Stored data

----

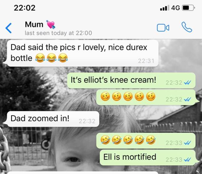 To samo przytrafiło się Kelsey, która udostępniła w mediach społecznościowych rozmowę na WhatsAppie z matką po wysłaniu rodzicom zdjęcia siebie i partnera Elliota, ale dopiero po tym, jak jej matka odpowiedziała, zdała sobie sprawę ze swojego błędu.
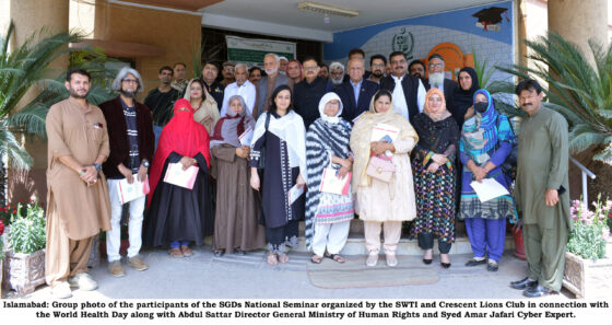 Therefore, continuing on the 21 st century plan and program of the United Nations is actually the guarantee of our independence and national development. He expressed these views while addressing the national seminar in connection with World Health Day organized by Department of Social Welfare Training Institute (SWTI) and Islamabad Crescent Lions Club. On this occasion, former Additional Director General FIA Cyber Expert Syed Amar Jaffri, Chief Executive
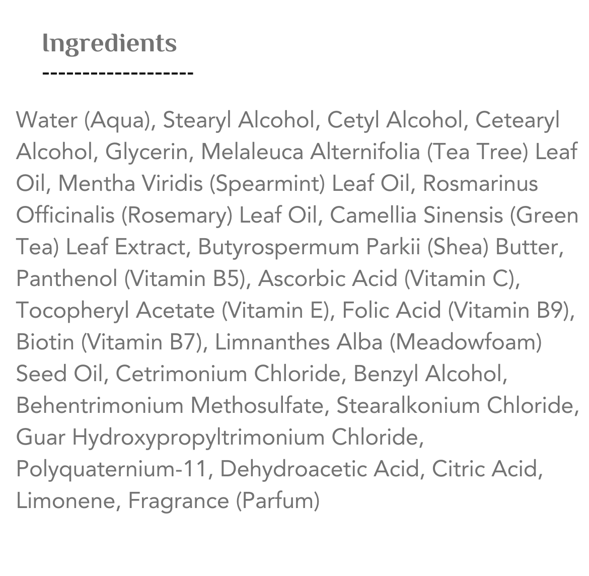 الترطيب الذي يحتاجه شعرك وفروة رأسك من دون أي ثِقَل—من قال إنك لا تستطيعين الحصول على كل شيء؟ يجمع هذا الكونديشنر بين زيت شجرة الشاي المنقّي، وإكليل الجبل المُجدِّد، والشاي الأخضر المهدّئ، مع زبدة الشيا الغنية لتوفير ترطيب يعيد الحيوية للشعر ويهدّئ فروة الرأس الجافة دون أن يجعل الشعر دهنيًا. تمت تقويته أيضًا بمجمّع فيتامينات 5X للحصول على شعر صحي بسهولة. مناسب للرجال والنساء، آمن على الشعر المصبوغ، وخفيف على كل أنواع الشعر.
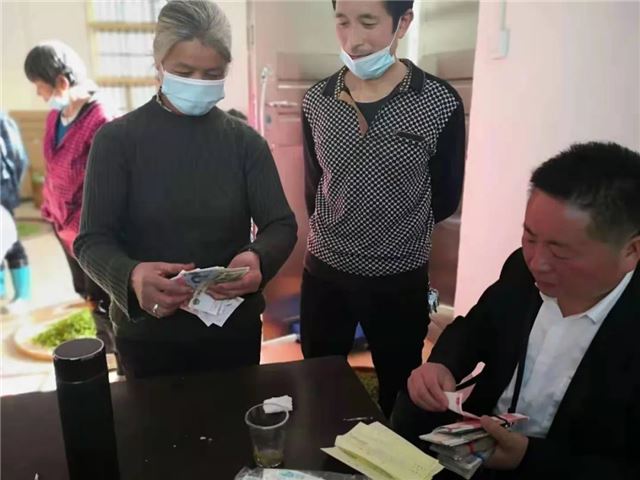 梁秀花今年59岁,是土生土长的本村人,她和老伴是公司的“老伙计”了。清早六点就上了山,趁早采回的茶叶品质更好,这不,一过完称结完账,手里揣上了一打钞票。
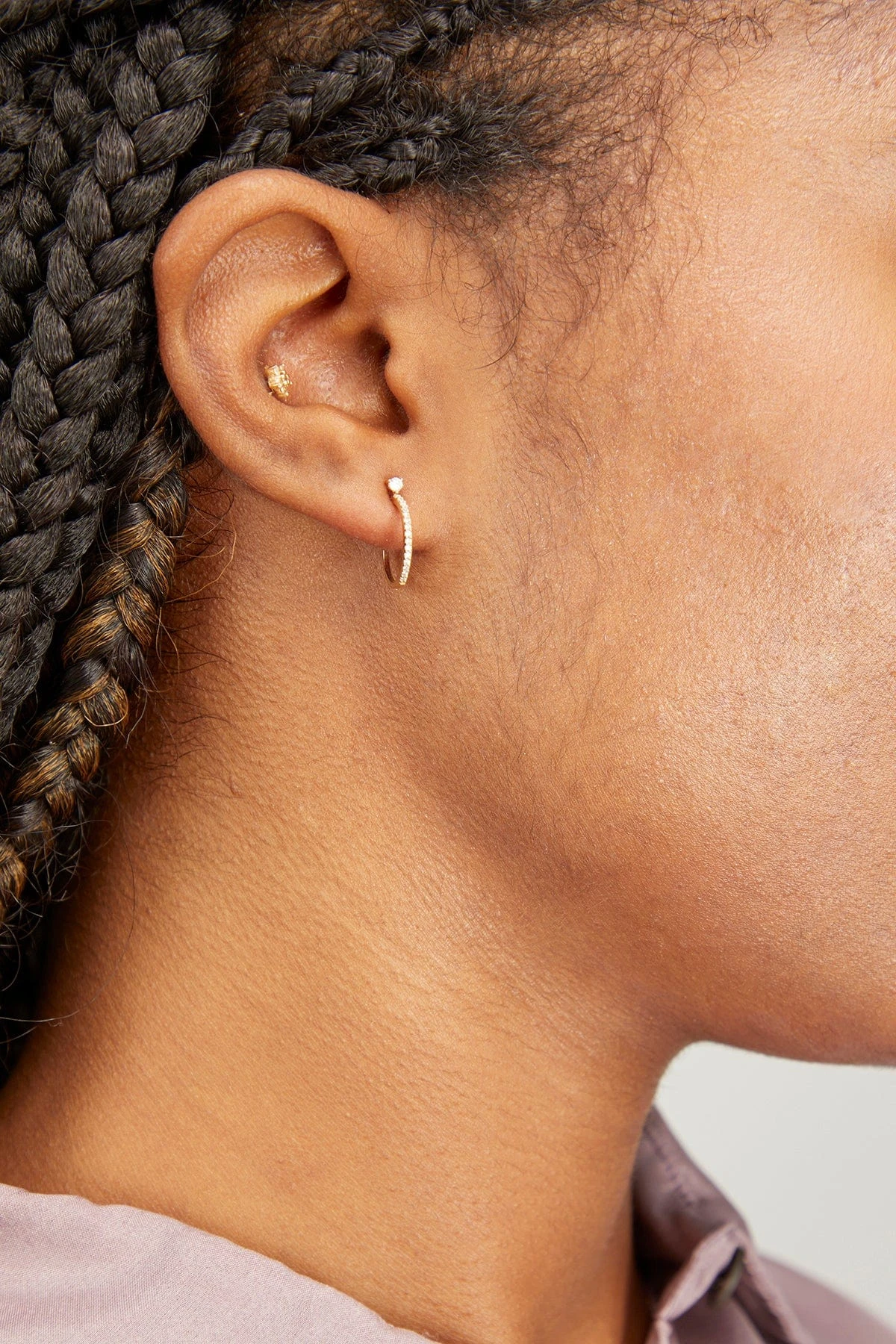 The Pave Diamond J Post Huggies are a subtle yet unique pair of huggies. Pave diamonds outline each huggie.
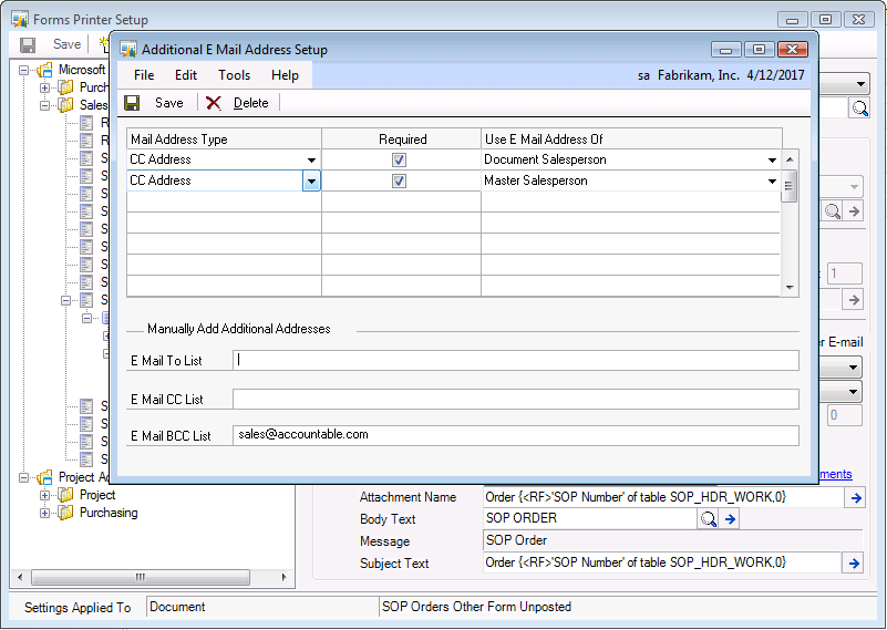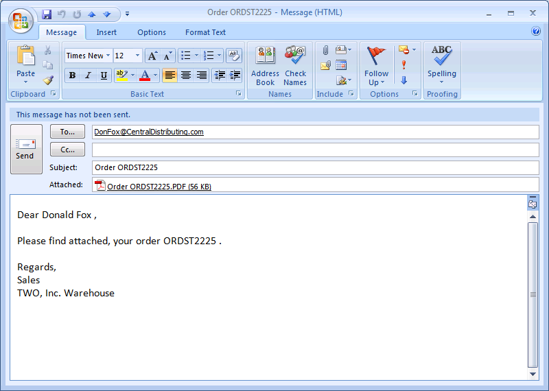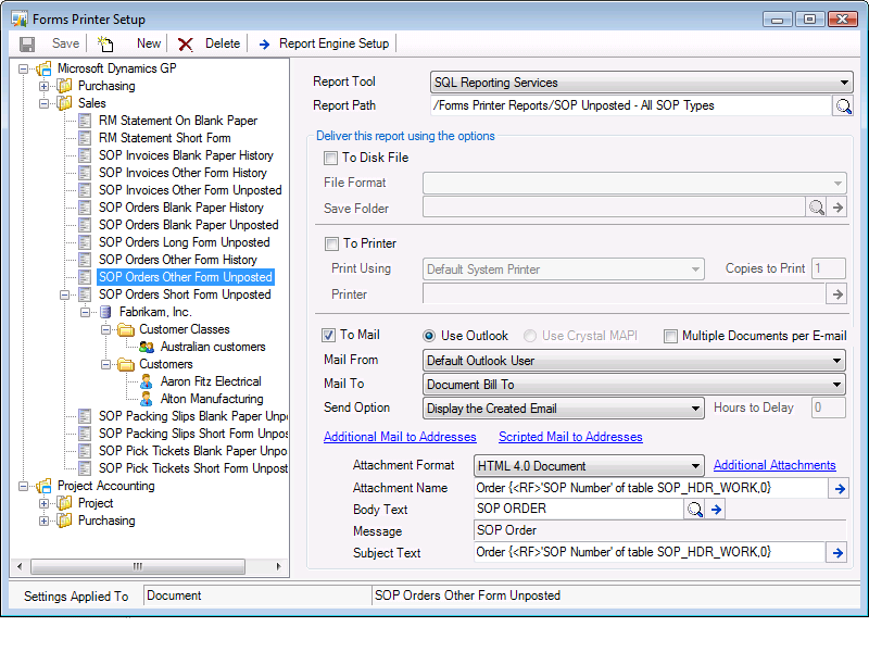 Emails containing reports created by Forms Printer can be configured to be displayed, sent immediately, saved to Drafts, or delay sent.

----

Pictures are to be dropped; every line of the records is to be returned unchanged.

● **ANSWER FOR THE TASK**:
 To samo przytrafiło się Kelsey, która udostępniła w mediach społecznościowych rozmowę na WhatsAppie z matką po wysłaniu rodzicom zdjęcia siebie i partnera Elliota, ale dopiero po tym, jak jej matka odpowiedziała, zdała sobie sprawę ze swojego błędu.
 Therefore, continuing on the 21 st century plan and program of the United Nations is actually the guarantee of our independence and national development. He expressed these views while addressing the national seminar in connection with World Health Day organized by Department of Social Welfare Training Institute (SWTI) and Islamabad Crescent Lions Club. On this occasion, former Additional Director General FIA Cyber Expert Syed Amar Jaffri, Chief Executive
 الترطيب الذي يحتاجه شعرك وفروة رأسك من دون أي ثِقَل—من قال إنك لا تستطيعين الحصول على كل شيء؟ يجمع هذا الكونديشنر بين زيت شجرة الشاي المنقّي، وإكليل الجبل المُجدِّد، والشاي الأخضر المهدّئ، مع زبدة الشيا الغنية لتوفير ترطيب يعيد الحيوية للشعر ويهدّئ فروة الرأس الجافة دون أن يجعل الشعر دهنيًا. تمت تقويته أيضًا بمجمّع فيتامينات 5X للحصول على شعر صحي بسهولة. مناسب للرجال والنساء، آمن على الشعر المصبوغ، وخفيف على كل أنواع الشعر.
 梁秀花今年59岁,是土生土长的本村人,她和老伴是公司的“老伙计”了。清早六点就上了山,趁早采回的茶叶品质更好,这不,一过完称结完账,手里揣上了一打钞票。
 The Pave Diamond J Post Huggies are a subtle yet unique pair of huggies. Pave diamonds outline each huggie.
 Emails containing reports created by Forms Printer can be configured to be displayed, sent immediately, saved to Drafts, or delay sent.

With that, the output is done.